Tuskys lent Nakumatt Sh50m in crisis days

A Tuskys Supermarket outlet in Nairobi. FILE PHOTO | NMG

What you need to know:

  • Supermarket chain Tuskys loaned its rival Nakumatt Holdings Sh50 million in a bid to rescue the company, according to records seen by the Business Daily.
  • A report by Nakumatt’s administrator PKF Kenya shows that the Tuskys loan was among the cash inflows at the bankrupt retailer in the period between January 22, 2018 and November 30, 2019. It was not clear whether Nakumatt repaid the loan.
  • Nakumatt went into administration on January 22, 2018 after defaulting on suppliers and banks, throwing it into an existential crisis.

Supermarket chain Tuskys loaned its rival Nakumatt Holdings Sh50 million in a bid to rescue the company, according to records seen by the Business Daily.

A report by Nakumatt’s administrator PKF Kenya shows that the Tuskys loan was among the cash inflows at the bankrupt retailer in the period between January 22, 2018 and November 30, 2019. It was not clear whether Nakumatt repaid the loan.

Nakumatt went into administration on January 22, 2018 after defaulting on suppliers and banks, throwing it into an existential crisis.

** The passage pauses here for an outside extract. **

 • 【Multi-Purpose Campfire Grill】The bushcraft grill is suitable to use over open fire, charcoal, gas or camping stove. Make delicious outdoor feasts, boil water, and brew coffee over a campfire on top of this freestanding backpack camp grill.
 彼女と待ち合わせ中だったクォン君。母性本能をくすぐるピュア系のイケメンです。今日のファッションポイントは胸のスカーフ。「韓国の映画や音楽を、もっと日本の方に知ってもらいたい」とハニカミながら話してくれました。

Tuskys provided the loan as part of its plans to acquire a stake in Nakumatt. The parties in 2017 notified the Competition Authority of Kenya (CAK) of their plans to merge but the regulator rejected the application, notifying them that providing loans does not amount to a merger.

Tuskys had also proposed to offer management services to Nakumatt.

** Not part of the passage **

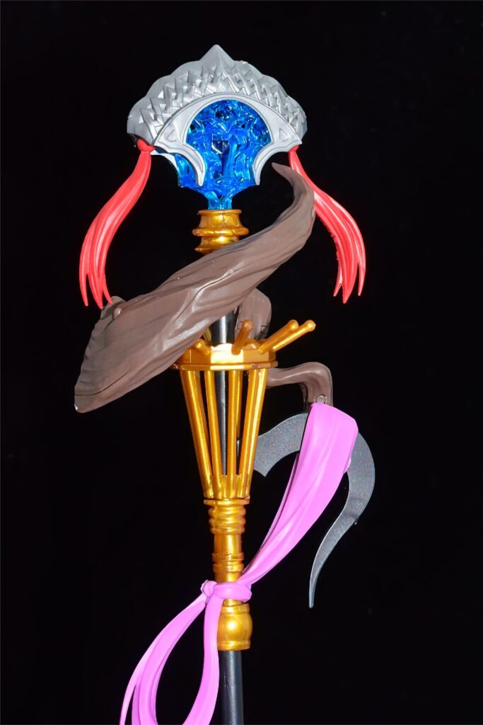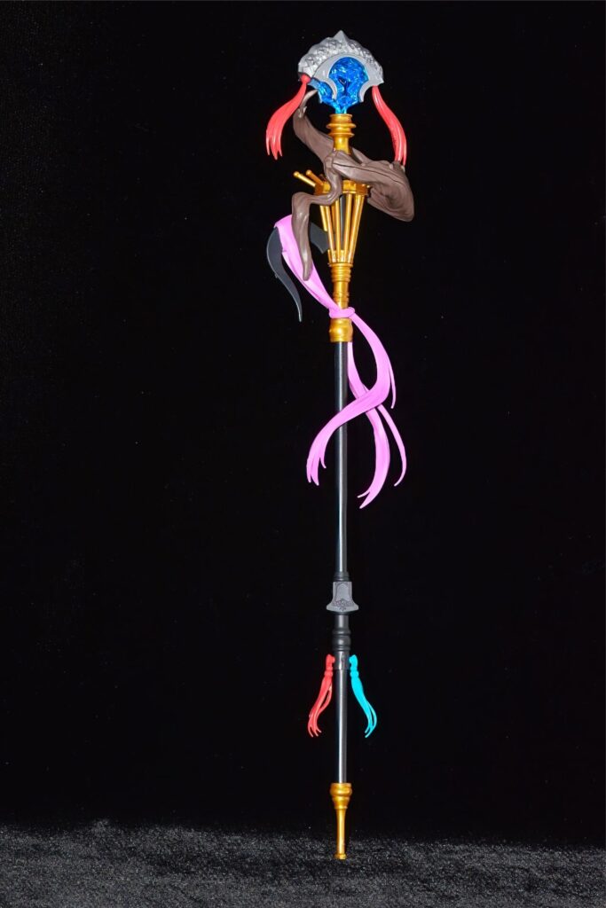 象徴的な杖も、先端の宝石や巻き付いた布の質感がプラスチックで見事に表現されており、非常に芸が細かいです

CAK had invited the two parties to submit a fresh merger application but four months later, in April 2018, Tuskys lawyers wrote to the regulator to communicate that it was re-considering its interest in the deal.

The retailer later pulled out, saying its was opposed to the proposals Nakumatt’s court-appointed administrator had presented to creditors at a meeting.

The administrator’s report, however, shows that Tuskys made a new bid on November 5, 2019 to buy Nakumatt’s assets at its remaining six branches for Sh70 million.

It was the lowest bid and was vastly surpassed by Naivas Limited which had the highest offer of Sh422.5 million.

The Tuskys loan represented 1.2 percent of the total Sh4.1 billion cash inflow at Nakumatt in the 22 months. It was the third largest item after asset sales (Sh185.9 million) and debt collection (Sh3.9 billion).

The largest cash outflow in the review period was supplier payments (Sh2.6 billion) followed by operating expenses (Sh799.3 million) and landlord payments (Sh586.2 million).